The nmslibR package includes the following R6-class / functions,

class

NMSlib
Knn_Query()
knn_Query_Batch()
save_Index()

functions

KernelKnn_nmslib()

KernelKnnCV_nmslib()

dgCMatrix_2scipy_sparse()

mat_2scipy_sparse()

The package documentation includes details and examples for the R6-class and functions. I’ll start explaining how a user can work with sparse matrices as the input can also be a python sparse matrix.

Sparse matrices as input

The nmslibR package includes two functions (mat_2scipy_sparse and dgCMatrix_2scipy_sparse) which allow the user to convert from a matrix / dgCMatrix to a scipy sparse matrix,

library(nmslibR)

# conversion from a matrix object to a scipy sparse matrix
#----------------------------------------------------------

set.seed(1)

x = matrix(runif(1000), nrow = 100, ncol = 10)

x_sparse = mat_2scipy_sparse(x, format = "sparse_row_matrix")

print(dim(x))

[1] 100  10

print(x_sparse$shape)

(100, 10)

# conversion from a dgCMatrix object to a scipy sparse matrix
#-------------------------------------------------------------

data = c(1, 0, 2, 0, 0, 3, 4, 5, 6)

# by default column-oriented format

dgcM = Matrix::Matrix(data = data, nrow = 3,

                      ncol = 3, byrow = TRUE,

                      sparse = TRUE)

print(dim(dgcM))

[1] 3 3

x_sparse = dgCMatrix_2scipy_sparse(dgcM)

print(x_sparse$shape)

(3, 3)

The NMSlib R6-class

The parameter settings for the NMSlib R6-class can be found in the Non-Metric Space Library (NMSLIB) Manual, which explains the NMSLIB Library in detail.

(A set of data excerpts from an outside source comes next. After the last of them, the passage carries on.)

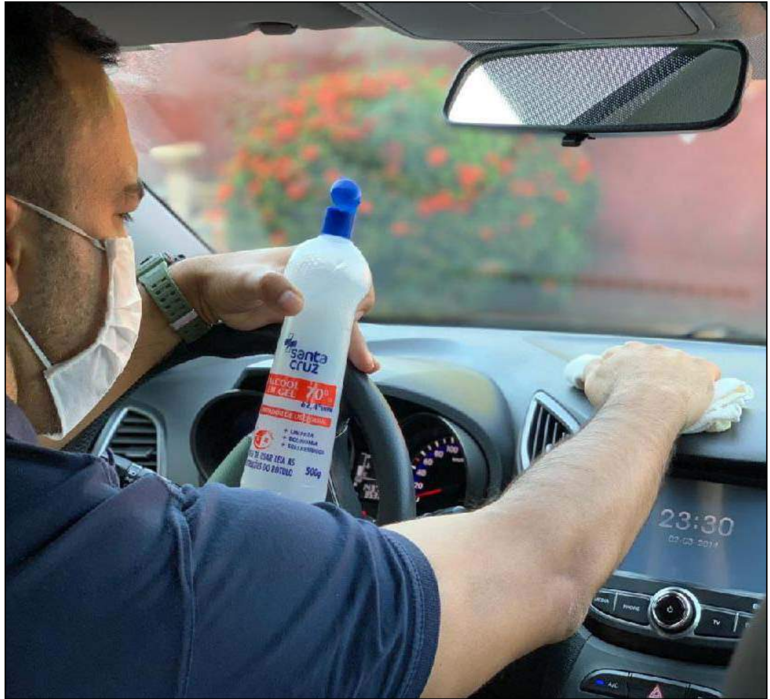
Limpeza do interior do veículo

Autoridades de Saúde recomendam que o capacete não seja de uso coletivo, por
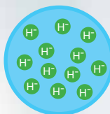
內含H - 的疏水球

為避免水與負氫的接觸，Physio Radiance採用專利微粒膠囊技術，將負氫保護在小型疏水球內。我們並使用特別為Physio Radiance產品研發的泵浦機制，將這些疏水球壓碎，讓您在塗抹護膚品的前一刻才釋放負氫。在此情況下，負氫將發揮完整的功效。
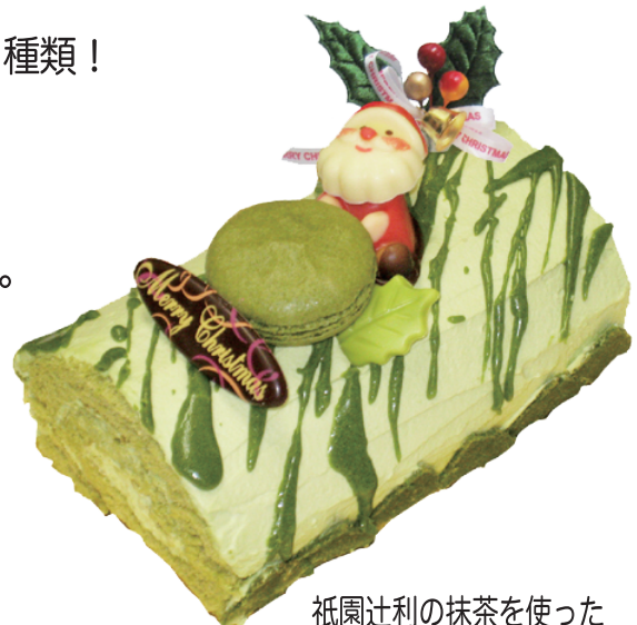
祇園辻利の抹茶を使った 抹茶のブッシュドノエル

パティスリーアミューズ http://www.patisserie-amuse.com
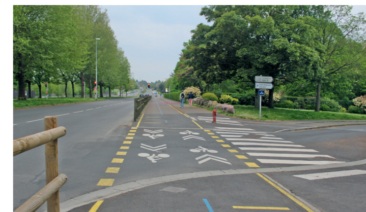
Boulevard Guillou : le cisaillement de la piste au niveau de la rue Saint-Point (Saint-Ouen si l'on veut).
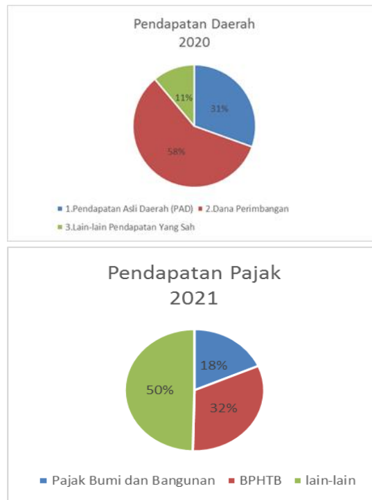
Gambar 2 Pendapatan Daerah 2020,2021

Pendapatan daerah tahun 2020. Rp 657,864,524,231 atau 58 % bersumber dari Dana perimbangan, sedangkan pendapatan asli daerah Rp 343,755,662,641 atau 31% dan Pendapatan lain yang sah Rp 125.260.323.942 atau 11 %. Pendapatan daerah tahun 2021. Rp 703,688,702,118 atau 56 % bersumber dari Dana perimbangan, sedangkan pendapatan asli daerah Rp 344,060,591,430 atau 28 % dan Pendapatan lain yang sah Rp 196.015.130.353 atau 16 %.
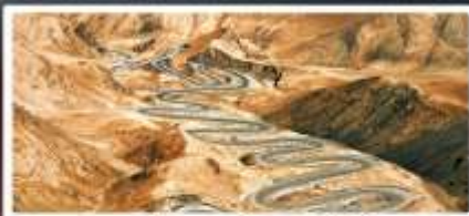
ถนนโบราณผืนหลงกู่เต้า
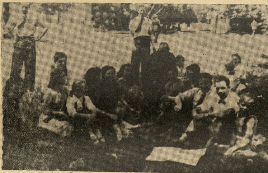
Prav prijetno je bilo v nedeljo 15. januarja v San Antonio de Padua. Po cerkvenem opravilu so slovenski izletniki prebili več ur ob veselem kramljanju v hladni senci.
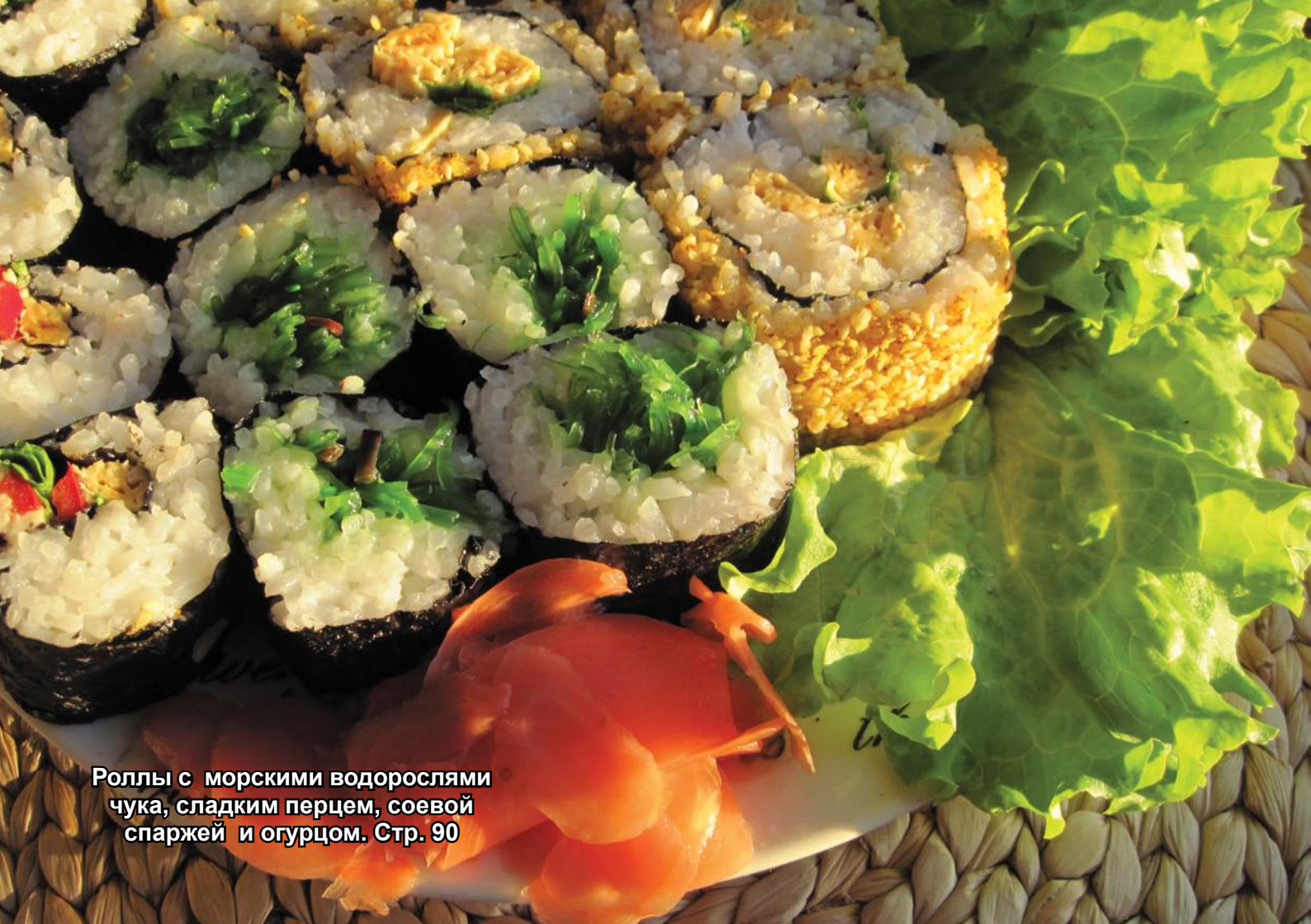
Роллы с морскими водорослями чука, сладким перцем, соевой спаржей и огурцом. Стр. 90

In the following code chunk, I’ll show the functionality of the methods included using a data set from my Github repository (it appears as .ipynb notebook in the nmslib Github repository)

library(nmslibR)

# download the data from my Github repository (tested on a Linux OS)
#-------------------------------------------------------------------

system("wget https://raw.githubusercontent.com/mlampros/DataSets/master/sift_10k.txt")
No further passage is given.